What you will do = Your copy should hold the lines below from the first through the one that contains "3月22日,由陕西师范大学文", each retyped exactly, and no pictures.

(Beginning of Records for processing)

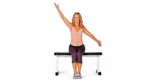Untuk peregangan otot dada, duduk tegak di bangku dengan tangan terentang di depan dada, jari-jari bersentuhan. Tekan tulang belikat merapat dan angkat tangan kanan ke atas sehingga membentuk garis diagonal. Tahan pose ini selama 30 detik. Kembali ke posisi semula dan ganti tangan untuk gerakan berikutnya.
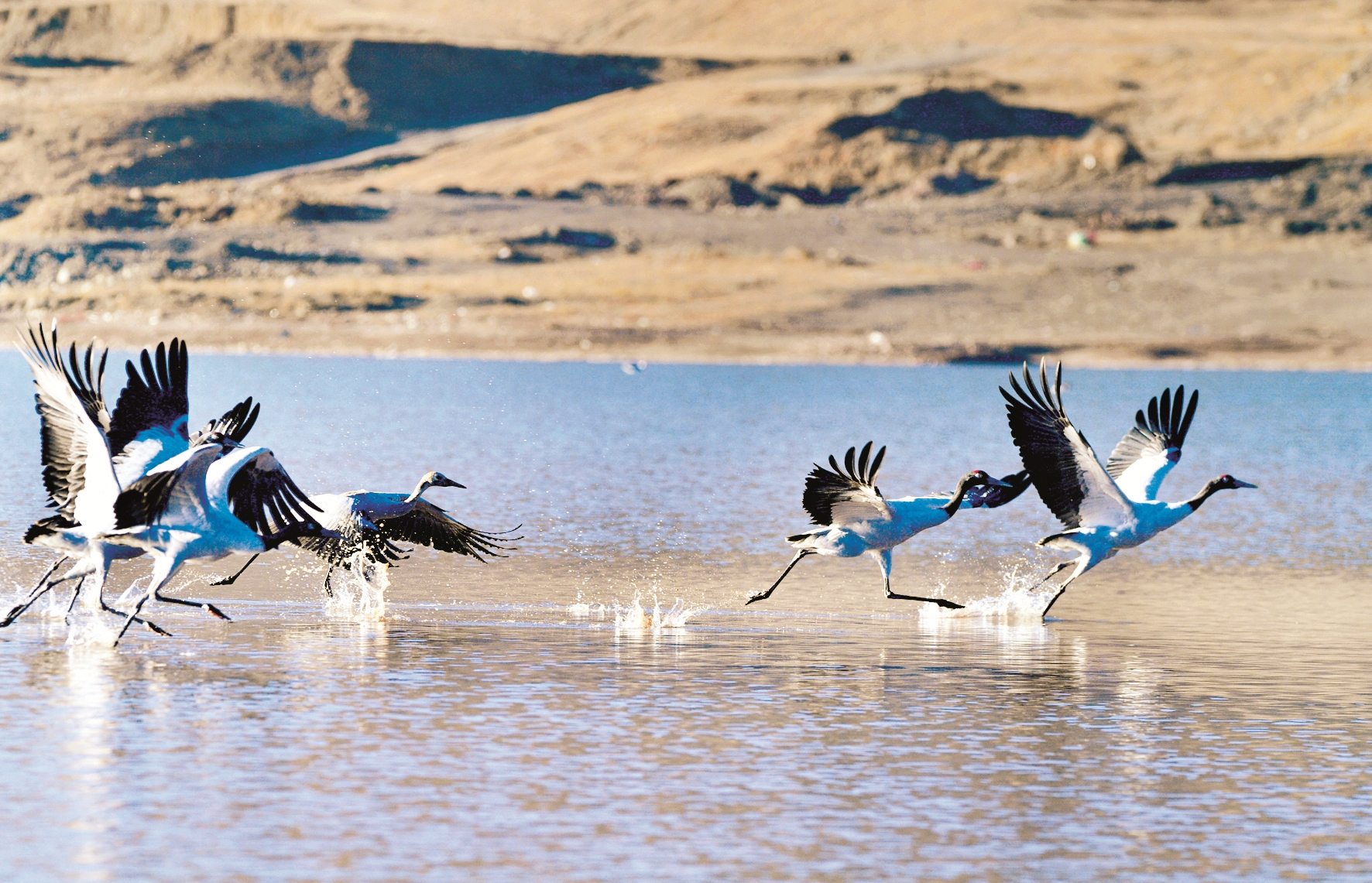 近日,來到拉薩市林周縣的黑頸鶴已達1500只左右,這里成為黑頸鶴越冬的樂園。
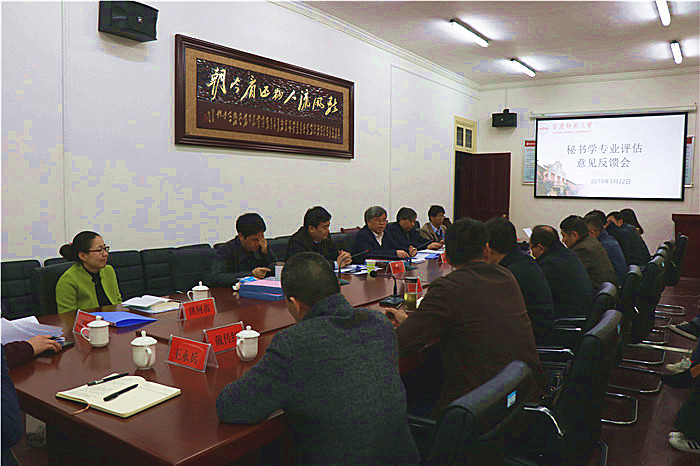 3月22日,由陕西师范大学文学院院长、国务院学科评议组成员张新科教授、南京师范大学文学院院长高峰教授、河南师范大学文学院院长李永贤教授、安徽大学文学院院长吴怀东教授、淮北师范大学文学院院长周有斌教授等组成的安徽省普通本科秘书学专业评估专家组一行6人莅临9428cn太阳集团,开展秘书学专业评估工作。校党委常委、副校长张群教授,文学院领导班子,教务处、人事处、科研处、学生处等职能部门主要负责人参加了秘书学专业评估意见反馈会。
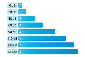 La réaction de l'ouïe humaine au niveau sonore n'est pas linéaire. Une augmentation du niveau sonore de 10 dB (donc une multiplication du bruit par 10) est ressentie par notre ouïe comme un doublement du bruit.
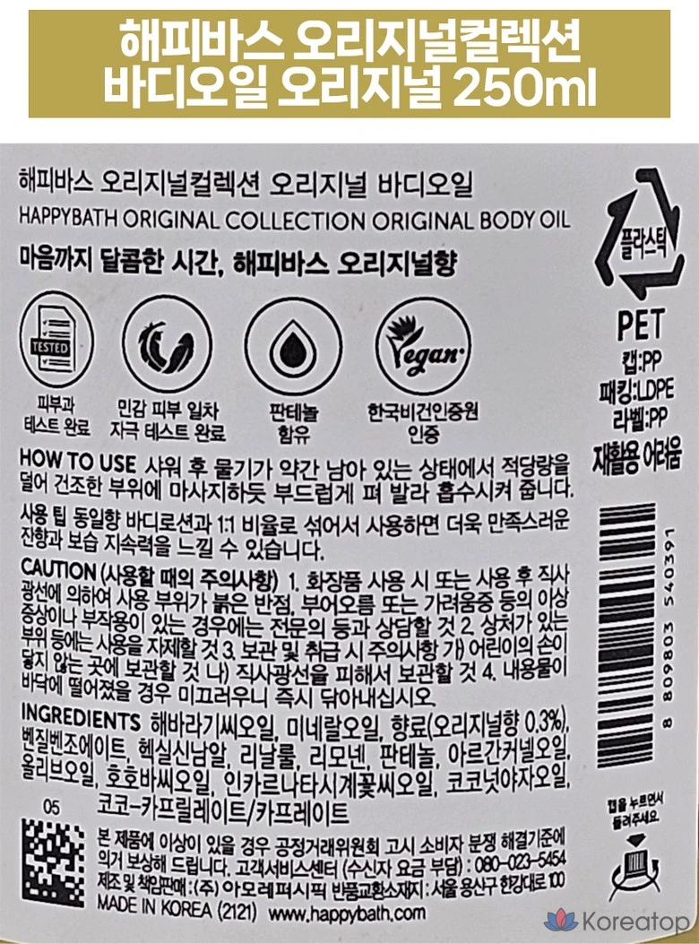 Масло для тела Happy Bath Original Collection с оригинальным ароматом, 250 мл, 1 шт.
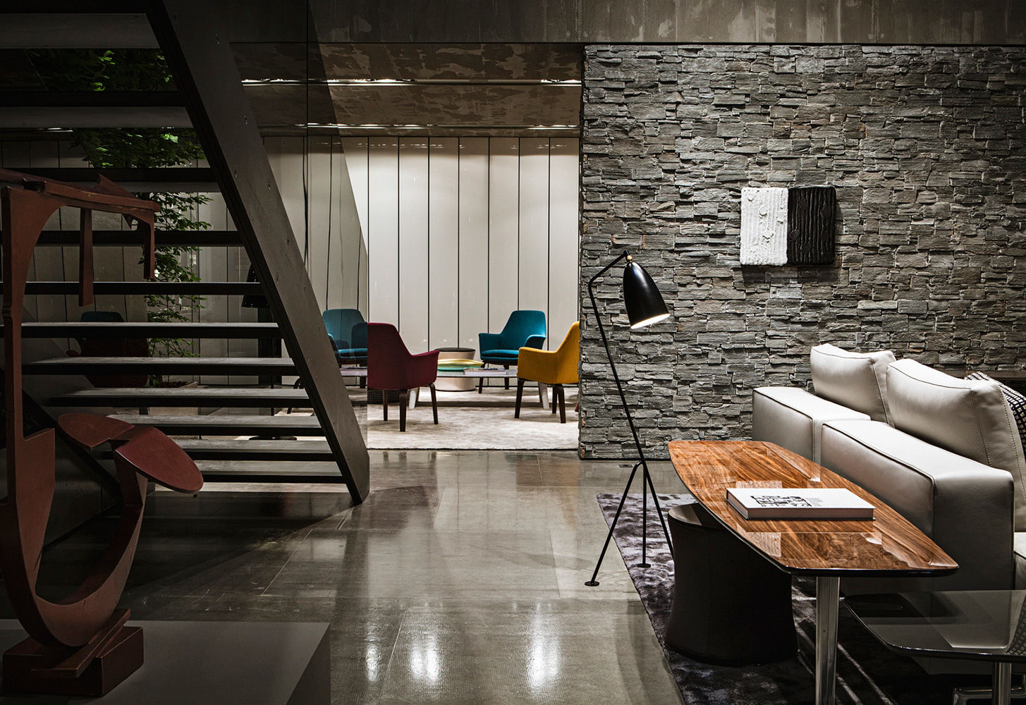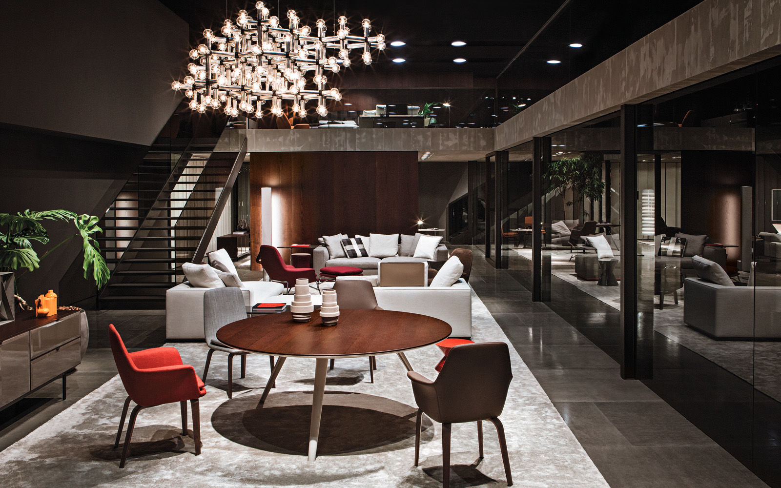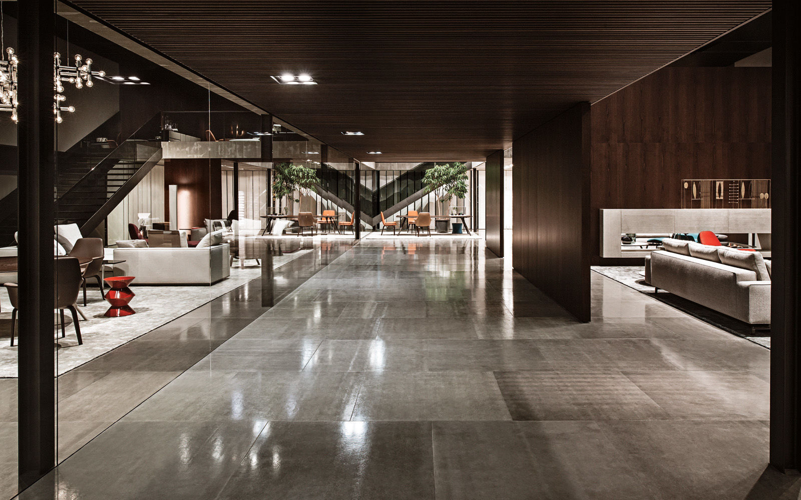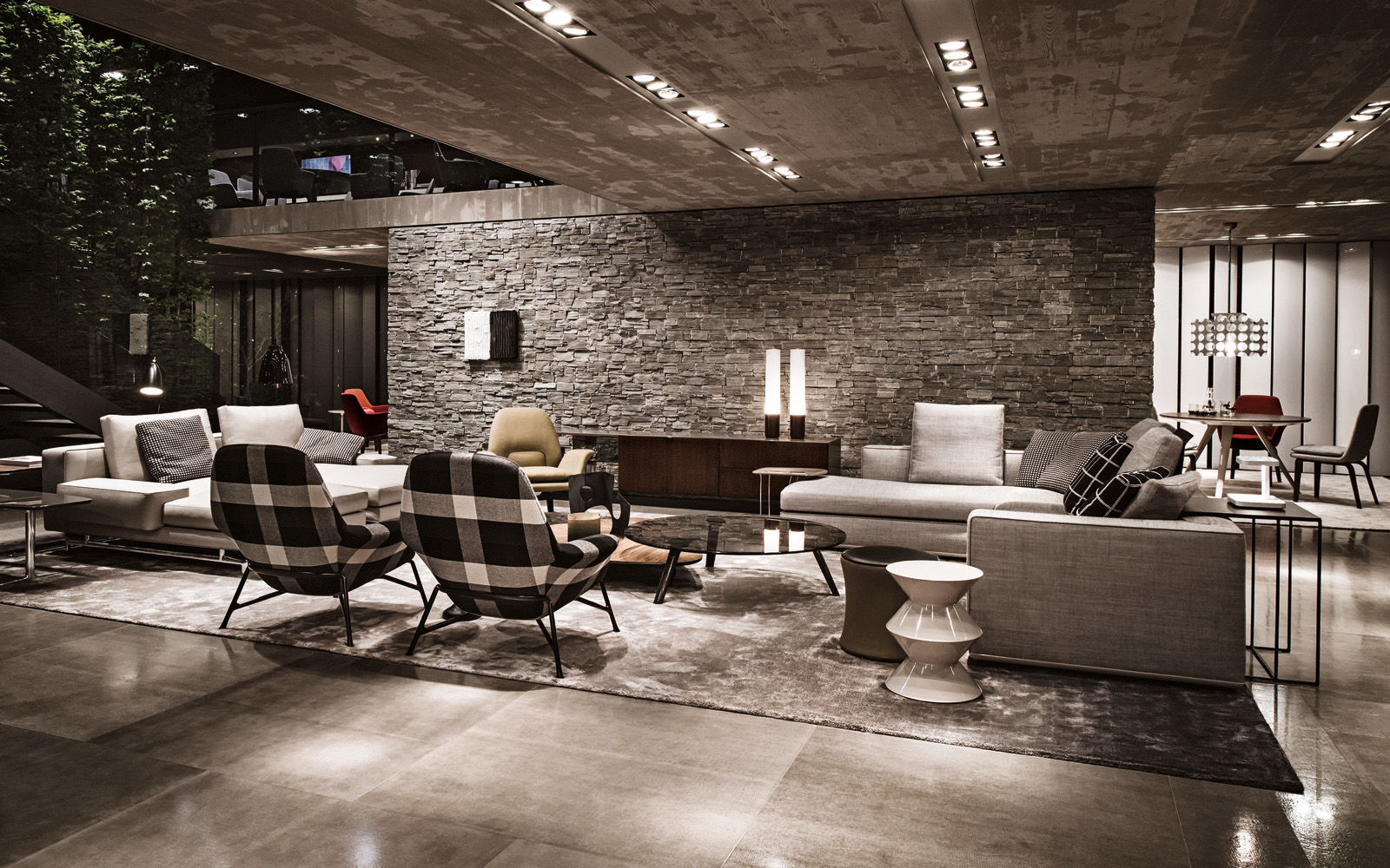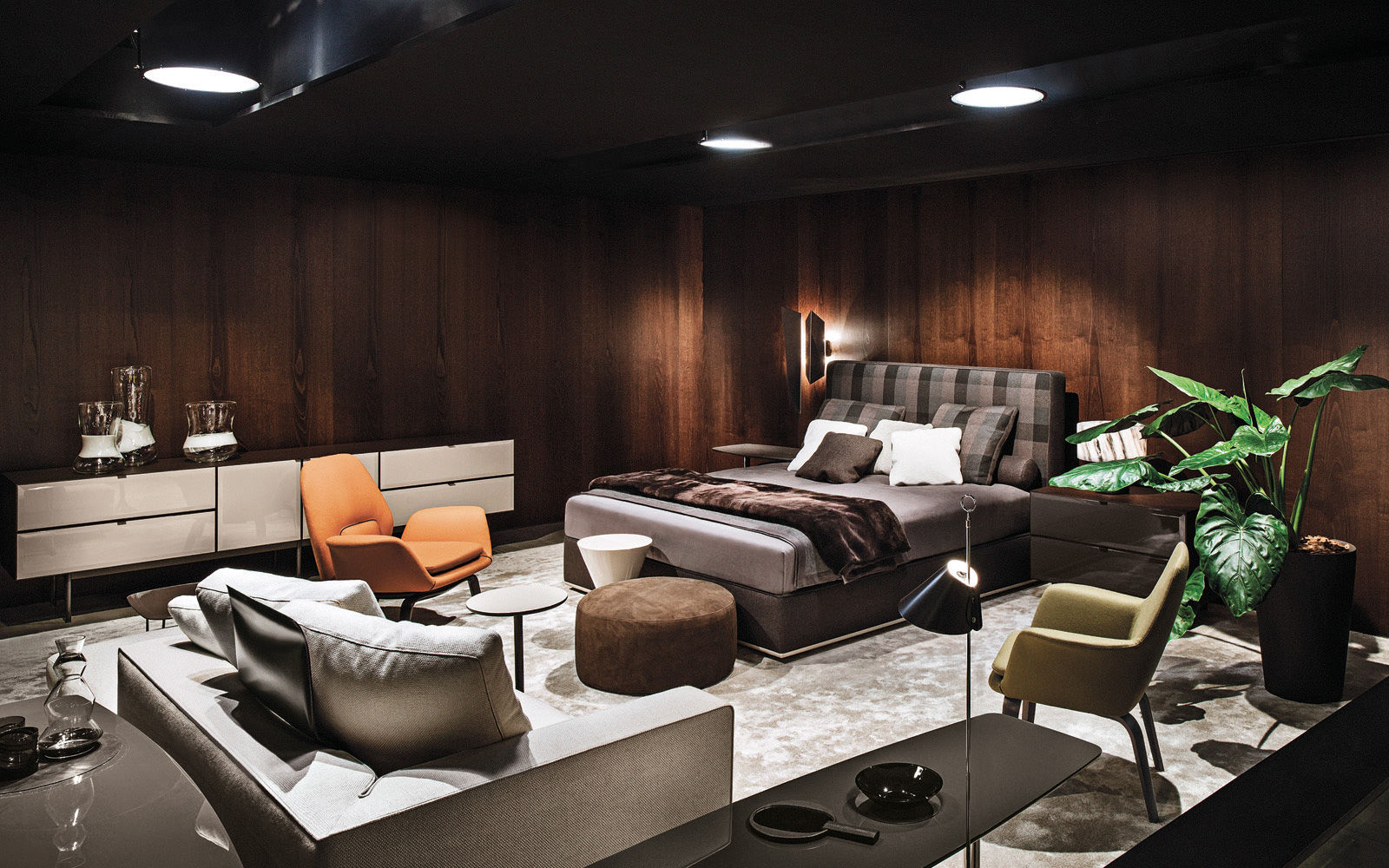 La presencia de la madera de castaño en la nueva tonalidad Tabaco, introducida este año por Minotti tanto en los acabados de los productos como en la arquitectura que los aloja, asociada al uso del cemento bruto en los techos, las sugestivas protecciones solares lacadas brillantes en color blanco, el uso de la piedra y del vidrio: todo confluye en la creación de un espacio encantador que evoca el contemporary style californiano, un hábitat ideal para los nuevos productos que se inspiran en las líneas de auténticos iconos del diseño de los años 50, con interpretaciones sumamente modernas y reinterpretadas en función de las posibilidades ofrecidas por la tecnología contemporánea.

(End of Records for processing)

Your solution =
Untuk peregangan otot dada, duduk tegak di bangku dengan tangan terentang di depan dada, jari-jari bersentuhan. Tekan tulang belikat merapat dan angkat tangan kanan ke atas sehingga membentuk garis diagonal. Tahan pose ini selama 30 detik. Kembali ke posisi semula dan ganti tangan untuk gerakan berikutnya.
 近日,來到拉薩市林周縣的黑頸鶴已達1500只左右,這里成為黑頸鶴越冬的樂園。
 3月22日,由陕西师范大学文学院院长、国务院学科评议组成员张新科教授、南京师范大学文学院院长高峰教授、河南师范大学文学院院长李永贤教授、安徽大学文学院院长吴怀东教授、淮北师范大学文学院院长周有斌教授等组成的安徽省普通本科秘书学专业评估专家组一行6人莅临9428cn太阳集团,开展秘书学专业评估工作。校党委常委、副校长张群教授,文学院领导班子,教务处、人事处、科研处、学生处等职能部门主要负责人参加了秘书学专业评估意见反馈会。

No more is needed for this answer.